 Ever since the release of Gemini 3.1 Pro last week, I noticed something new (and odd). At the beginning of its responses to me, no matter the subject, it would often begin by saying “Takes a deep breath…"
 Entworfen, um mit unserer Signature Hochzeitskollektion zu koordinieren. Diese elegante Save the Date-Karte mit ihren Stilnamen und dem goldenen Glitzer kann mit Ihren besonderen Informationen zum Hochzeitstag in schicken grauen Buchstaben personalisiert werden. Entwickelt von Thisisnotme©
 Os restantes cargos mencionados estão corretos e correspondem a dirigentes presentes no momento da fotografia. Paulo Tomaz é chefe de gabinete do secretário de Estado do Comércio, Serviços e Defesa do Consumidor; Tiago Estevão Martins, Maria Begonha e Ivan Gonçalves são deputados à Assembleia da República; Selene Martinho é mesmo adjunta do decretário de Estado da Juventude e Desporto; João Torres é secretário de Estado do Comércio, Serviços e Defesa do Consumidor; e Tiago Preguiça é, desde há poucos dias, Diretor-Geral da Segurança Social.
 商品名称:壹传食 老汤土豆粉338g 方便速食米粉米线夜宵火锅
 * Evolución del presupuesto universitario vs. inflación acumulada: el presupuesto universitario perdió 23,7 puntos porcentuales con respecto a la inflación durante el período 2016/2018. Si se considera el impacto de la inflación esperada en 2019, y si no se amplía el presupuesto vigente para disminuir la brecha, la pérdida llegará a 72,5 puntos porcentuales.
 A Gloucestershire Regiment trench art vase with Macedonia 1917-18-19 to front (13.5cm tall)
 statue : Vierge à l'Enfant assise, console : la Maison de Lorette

┄┄┄┄┄┄┄┄┄┄

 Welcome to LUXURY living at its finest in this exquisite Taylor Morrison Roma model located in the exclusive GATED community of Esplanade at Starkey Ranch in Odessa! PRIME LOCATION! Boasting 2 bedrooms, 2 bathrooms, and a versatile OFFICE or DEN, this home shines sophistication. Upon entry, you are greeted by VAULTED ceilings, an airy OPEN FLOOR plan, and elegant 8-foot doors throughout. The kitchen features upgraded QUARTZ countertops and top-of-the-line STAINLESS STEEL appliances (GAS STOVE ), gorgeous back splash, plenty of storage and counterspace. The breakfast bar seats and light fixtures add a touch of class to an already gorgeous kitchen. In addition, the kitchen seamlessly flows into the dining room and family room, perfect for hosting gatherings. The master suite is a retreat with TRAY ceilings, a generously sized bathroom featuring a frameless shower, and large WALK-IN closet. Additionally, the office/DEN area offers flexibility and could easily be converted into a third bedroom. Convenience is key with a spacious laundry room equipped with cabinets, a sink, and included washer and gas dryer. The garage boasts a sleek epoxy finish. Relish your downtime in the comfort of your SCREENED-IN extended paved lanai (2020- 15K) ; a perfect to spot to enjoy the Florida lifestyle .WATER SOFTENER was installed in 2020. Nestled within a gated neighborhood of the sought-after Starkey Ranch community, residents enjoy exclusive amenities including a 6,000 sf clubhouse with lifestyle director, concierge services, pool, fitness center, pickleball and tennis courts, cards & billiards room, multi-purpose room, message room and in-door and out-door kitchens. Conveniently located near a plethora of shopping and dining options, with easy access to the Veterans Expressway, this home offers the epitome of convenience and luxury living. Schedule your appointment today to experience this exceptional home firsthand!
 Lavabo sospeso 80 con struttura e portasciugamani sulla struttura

┄┄┄┄┄┄┄┄┄┄

▶ Exercise brief: Read through the data and copy every line where "with" shows up.

▶ Answer below:
 A Gloucestershire Regiment trench art vase with Macedonia 1917-18-19 to front (13.5cm tall)
 Welcome to LUXURY living at its finest in this exquisite Taylor Morrison Roma model located in the exclusive GATED community of Esplanade at Starkey Ranch in Odessa! PRIME LOCATION! Boasting 2 bedrooms, 2 bathrooms, and a versatile OFFICE or DEN, this home shines sophistication. Upon entry, you are greeted by VAULTED ceilings, an airy OPEN FLOOR plan, and elegant 8-foot doors throughout. The kitchen features upgraded QUARTZ countertops and top-of-the-line STAINLESS STEEL appliances (GAS STOVE ), gorgeous back splash, plenty of storage and counterspace. The breakfast bar seats and light fixtures add a touch of class to an already gorgeous kitchen. In addition, the kitchen seamlessly flows into the dining room and family room, perfect for hosting gatherings. The master suite is a retreat with TRAY ceilings, a generously sized bathroom featuring a frameless shower, and large WALK-IN closet. Additionally, the office/DEN area offers flexibility and could easily be converted into a third bedroom. Convenience is key with a spacious laundry room equipped with cabinets, a sink, and included washer and gas dryer. The garage boasts a sleek epoxy finish. Relish your downtime in the comfort of your SCREENED-IN extended paved lanai (2020- 15K) ; a perfect to spot to enjoy the Florida lifestyle .WATER SOFTENER was installed in 2020. Nestled within a gated neighborhood of the sought-after Starkey Ranch community, residents enjoy exclusive amenities including a 6,000 sf clubhouse with lifestyle director, concierge services, pool, fitness center, pickleball and tennis courts, cards & billiards room, multi-purpose room, message room and in-door and out-door kitchens. Conveniently located near a plethora of shopping and dining options, with easy access to the Veterans Expressway, this home offers the epitome of convenience and luxury living. Schedule your appointment today to experience this exceptional home firsthand!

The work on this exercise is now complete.